An experimental therapy has held back one man's HIV infection for 10 months, doctors have reported.
He was one of 18 people in a small trial testing injections of "broadly neutralising antibodies" - the natural weapons of the immune system.
They delayed the resurgence of the virus in other participants by around two weeks.
The findings are being presented at the ninth International Aids Society Conference on HIV Science in Paris.
The human body is inefficient at making antibodies that neutralise HIV.
Only one in five people infected with the virus develops them - and even then it takes many years and high levels of uncontrolled virus.
But more than 200 broadly neutralising antibodies have been documented, which doctors hope could be useful for both preventing and treating HIV.
The trial in Thailand, led by the US Military HIV Research Program (MHRP), took people who were controlling their infection with their standard HIV medication.
Some were given no treatment and others had an infusion of the antibody - codenamed VRC01 - into their bloodstream.
Inevitably the virus came back in those getting no treatment. It took an average (median) of 14 days, at which point they were put back on antiretroviral therapy.
In those receiving the antibody it took 26 days.
Dr Jintanat Ananworanich, one of the MHRP scientists, said there was also the exceptional case.
She told the BBC News website: "[The patient] has been off treatment for around 10 months and has so far controlled the virus to very low levels."
He had the antibody infusion every three weeks for six months.
The field is still at an incredibly early stage, but the results point to the potential of antibody-based therapies.
Dr Ananworanich added: "It suggests there's some impact from the antibody, but how the antibody actually impacts the virus and the immune system - that's an on-going investigation.
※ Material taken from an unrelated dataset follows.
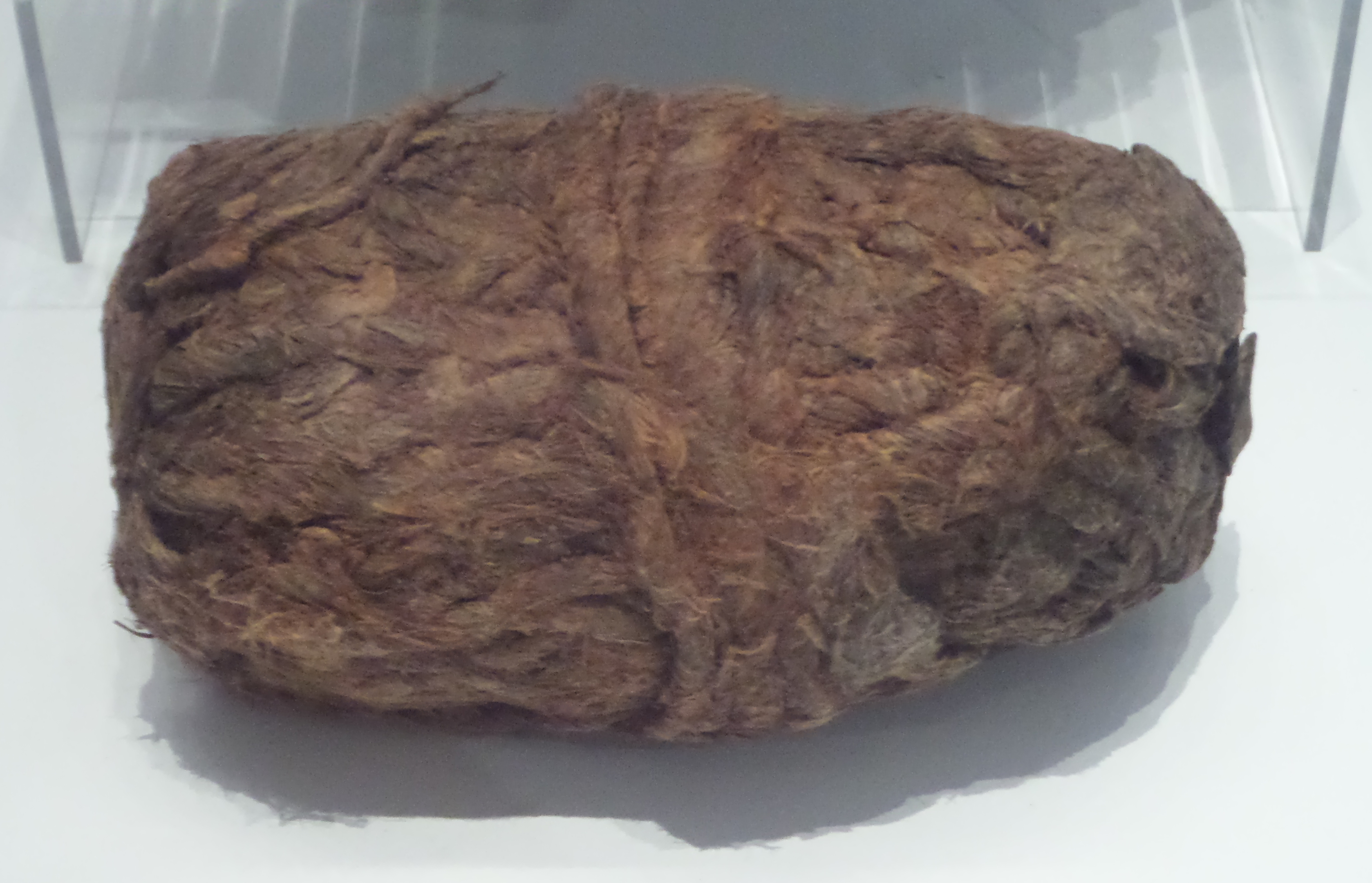 The Hanover was a two-masted brigantine packet ship owned and operated by the Falmouth Packet Company, which operated between 1688 and 1852. Hanover was 100-foot (30 m) long and was built in 1757. This item was recovered from the wreck of the Hanover and was found inside a loaded cannon.

"I do think antibody therapy has potential because the antibody, in the future, could perhaps be given just two or three times a year."
Animal research has suggested antibodies could have a greater impact than conventional therapies because as well as attacking the virus they also train the immune system.
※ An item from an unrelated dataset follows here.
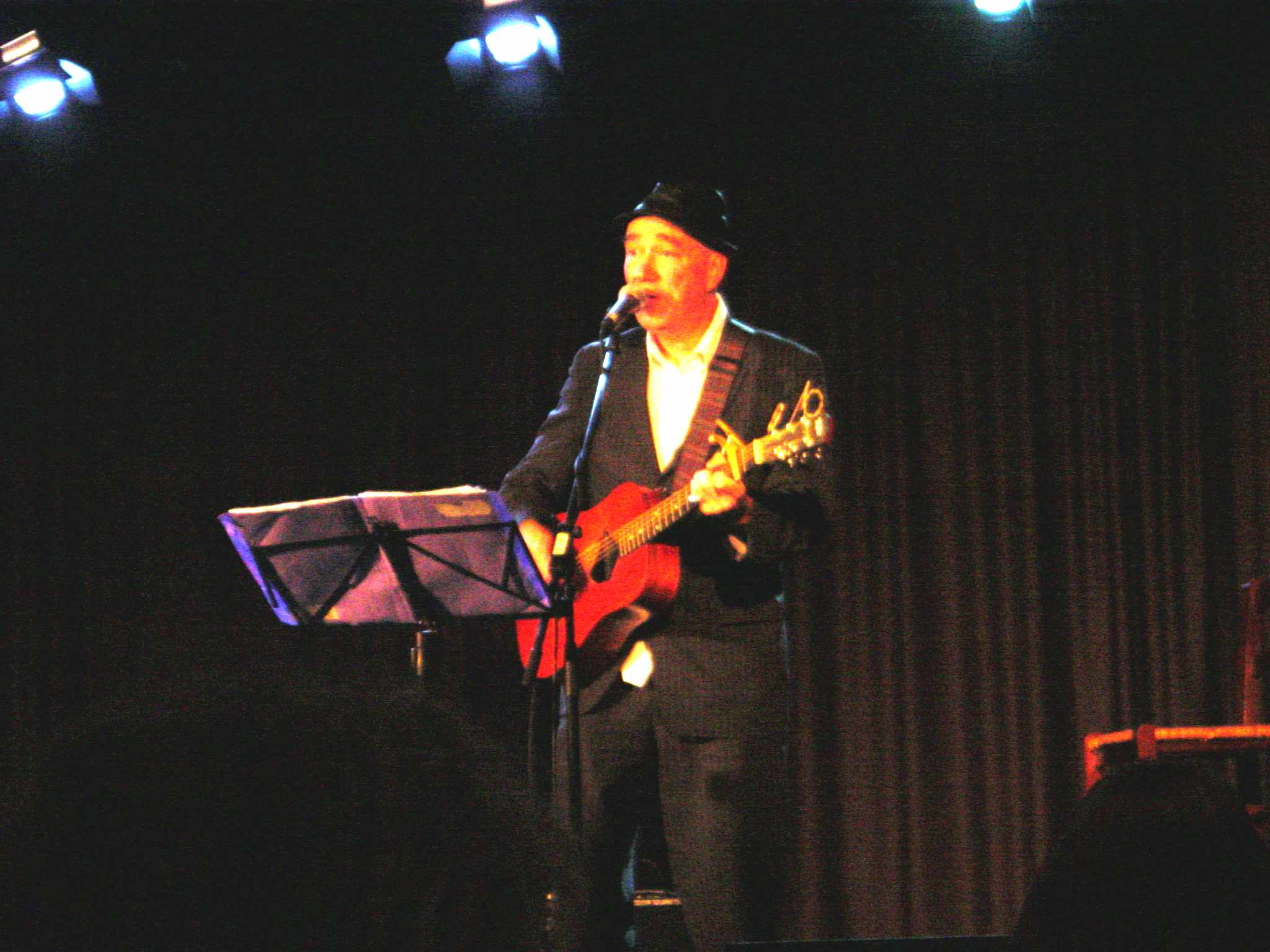 John Watts on stage

When the antibody binds to HIV in monkey studies, they form an "immune complex" which other parts of the immune system might be able to recognise.
Dr Ananworanich told the BBC: "That perhaps stimulates the other arms of the immune system, like the T-cells, to better react to HIV - and in that monkey study the monkeys went into remission."
The next stage of the research is to go through all the blood samples collected during the trial to identify how the therapy affected both the immune system and the virus.
HIV is such a difficult virus to treat - it mutates constantly - that any future therapy would probably require multiple broadly neutralising antibodies.
However, antibodies are not a simple chemical. They are an intricate piece of immune biology, and that makes them expensive to manufacture.
Dr Anthony Fauci, the director of the US National Institute of Allergy and Infectious Diseases, said: "Antibodies are generally more expensive because they're biologics and they're more complicated to make than small molecules.
"But if we get an antibody that works I can guarantee you we can probably rev it up from a production standpoint to bring the costs down dramatically [so] that it would be available."